Recorded data
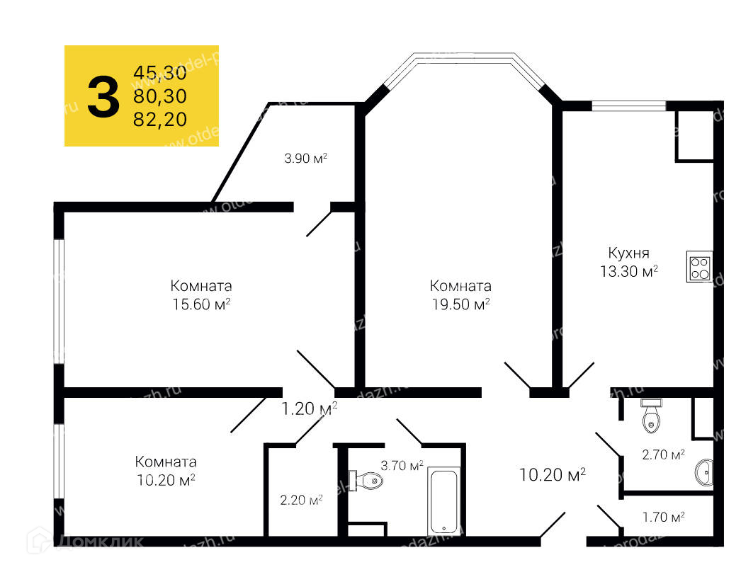 Общая площадь 82.2 м2
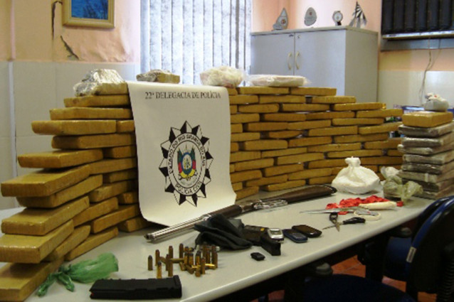 Nas residências foram localizados 80 quilos de maconha, 1,7 quilos de crack, uma espingarda Rossi calibre 44-40, um carregador de fuzil 556, um carregador de pistola 9mm, munição 44-40, balança de precisão, celulares, material para embalar as drogas e um veículo Fox utilizado para distribuição.
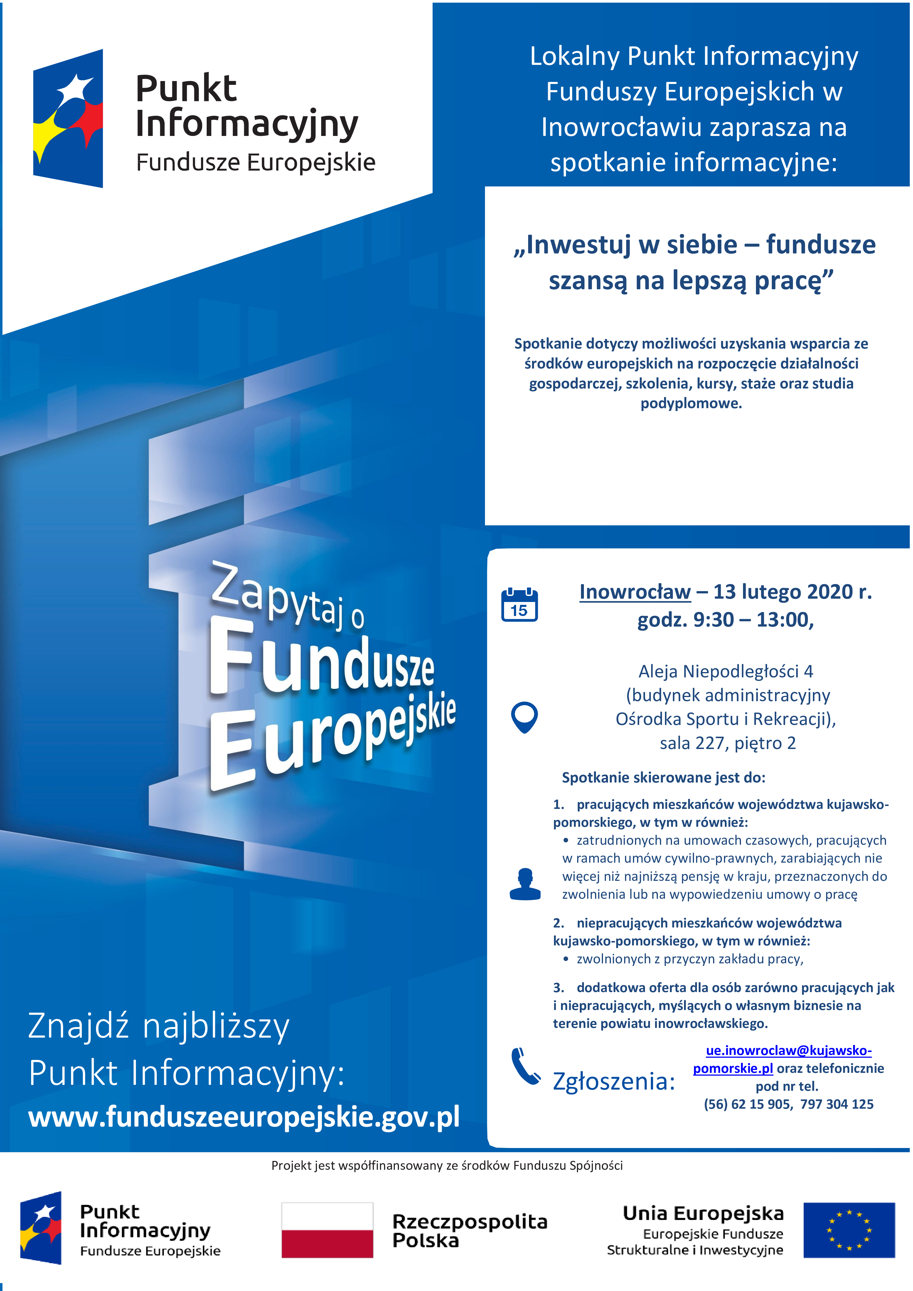Lokalny Punkt Informacyjny Funduszy Europejskich w Inowrocławiu serdecznie zaprasza na spotkania informacyjne pt.: „Inwestuj w siebie – fundusze szansą na lepszą pracę”, dotyczące możliwości uzyskania wsparcia ze środków europejskich na rozpoczęcie działalności gospodarczej, szkolenia, kursy, staże oraz studia podyplomowe.
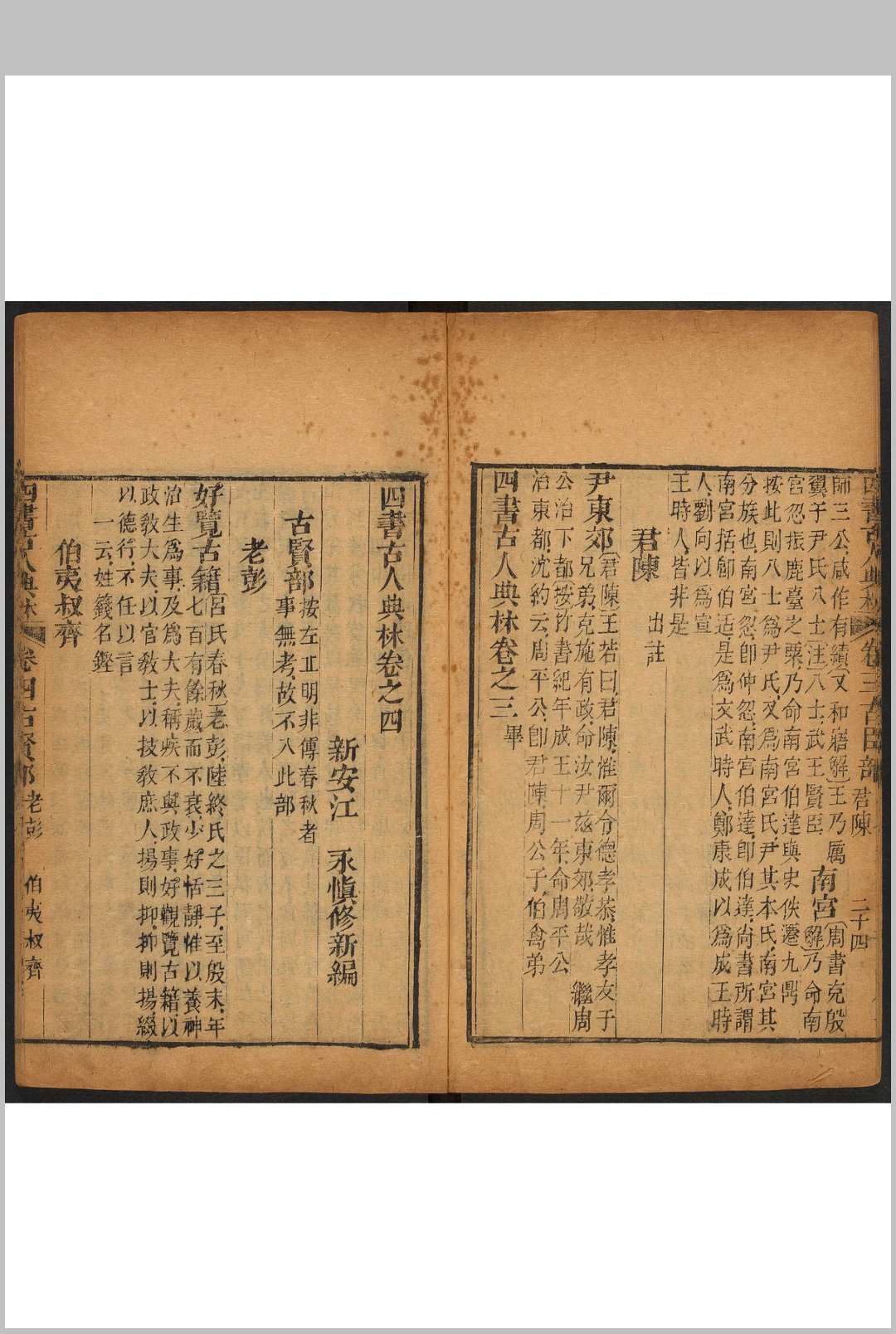 是书分帝王、古贤、圣贤、诸侯、大夫、杂人、列女各部,凡二百余人,大旨为举业而作,但跟坊行诸本迥然有别。向来援引错谬,江永都一一为之订正删削,其中尤其重要者,如孔子事迹,江永并详加考核,使此后注家奉为定论。卷首有江永自序,卷后有门人汪澎跋。是书系江永绝笔,可视为《四书典林》的补充。该书有乾隆三十九年(1774)刊本。
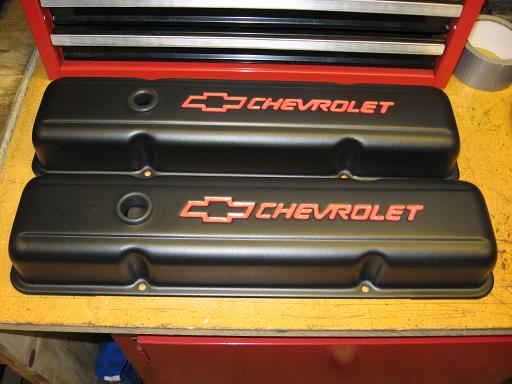 It looks like it's time to go back to stock height valve covers. No problem, I still have the original covers from the 305 and they're in great shape:
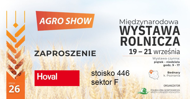 Spotkaj się z naszym zespołem na targach Agro Show, Miedzynarodowej Wystawie Rolniczej w Bednarach k. Poznania, w dniach 19-21 września 2025 roku. Hoval będzie czekał na swoich gości na stoisku nr 446 w sektorze F.
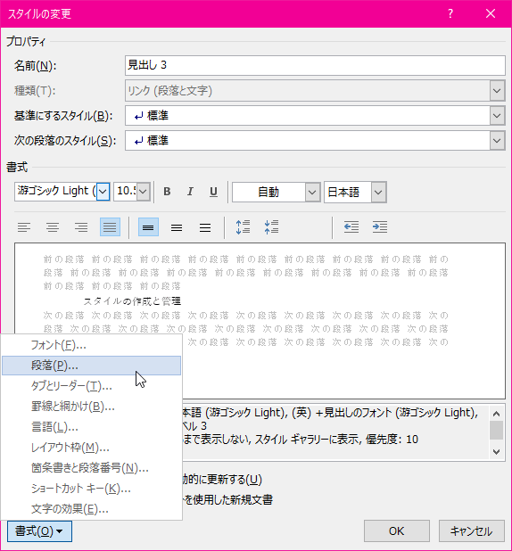 - [スタイルの変更]ダイアログボックスの[書式]ボタンをクリックして、一覧から[段落]を選択します。
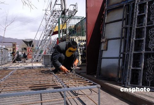 三月二十四日,拉薩市內(nèi)集中經(jīng)營(yíng)防盜門窗的市場(chǎng)內(nèi),工人正趕制產(chǎn)品。近來(lái),拉薩防盜門窗業(yè)務(wù)激增。中新社發(fā) 廖攀 攝
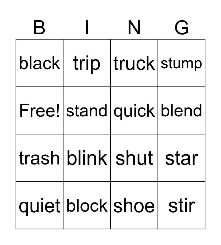 This bingo card has 16 words: block, star, truck, black, trash, trip, shut, shoe, Free!, stand, quiet, stump, blink, blend, quick and stir.

**Work order**: Please retype the records above exactly, but leave out any pictures.

**Solution to the exercise**:
 Общая площадь 82.2 м2
 Nas residências foram localizados 80 quilos de maconha, 1,7 quilos de crack, uma espingarda Rossi calibre 44-40, um carregador de fuzil 556, um carregador de pistola 9mm, munição 44-40, balança de precisão, celulares, material para embalar as drogas e um veículo Fox utilizado para distribuição.
Lokalny Punkt Informacyjny Funduszy Europejskich w Inowrocławiu serdecznie zaprasza na spotkania informacyjne pt.: „Inwestuj w siebie – fundusze szansą na lepszą pracę”, dotyczące możliwości uzyskania wsparcia ze środków europejskich na rozpoczęcie działalności gospodarczej, szkolenia, kursy, staże oraz studia podyplomowe.
 是书分帝王、古贤、圣贤、诸侯、大夫、杂人、列女各部,凡二百余人,大旨为举业而作,但跟坊行诸本迥然有别。向来援引错谬,江永都一一为之订正删削,其中尤其重要者,如孔子事迹,江永并详加考核,使此后注家奉为定论。卷首有江永自序,卷后有门人汪澎跋。是书系江永绝笔,可视为《四书典林》的补充。该书有乾隆三十九年(1774)刊本。
 It looks like it's time to go back to stock height valve covers. No problem, I still have the original covers from the 305 and they're in great shape:
 Spotkaj się z naszym zespołem na targach Agro Show, Miedzynarodowej Wystawie Rolniczej w Bednarach k. Poznania, w dniach 19-21 września 2025 roku. Hoval będzie czekał na swoich gości na stoisku nr 446 w sektorze F.
 - [スタイルの変更]ダイアログボックスの[書式]ボタンをクリックして、一覧から[段落]を選択します。
 三月二十四日,拉薩市內(nèi)集中經(jīng)營(yíng)防盜門窗的市場(chǎng)內(nèi),工人正趕制產(chǎn)品。近來(lái),拉薩防盜門窗業(yè)務(wù)激增。中新社發(fā) 廖攀 攝
 This bingo card has 16 words: block, star, truck, black, trash, trip, shut, shoe, Free!, stand, quiet, stump, blink, blend, quick and stir.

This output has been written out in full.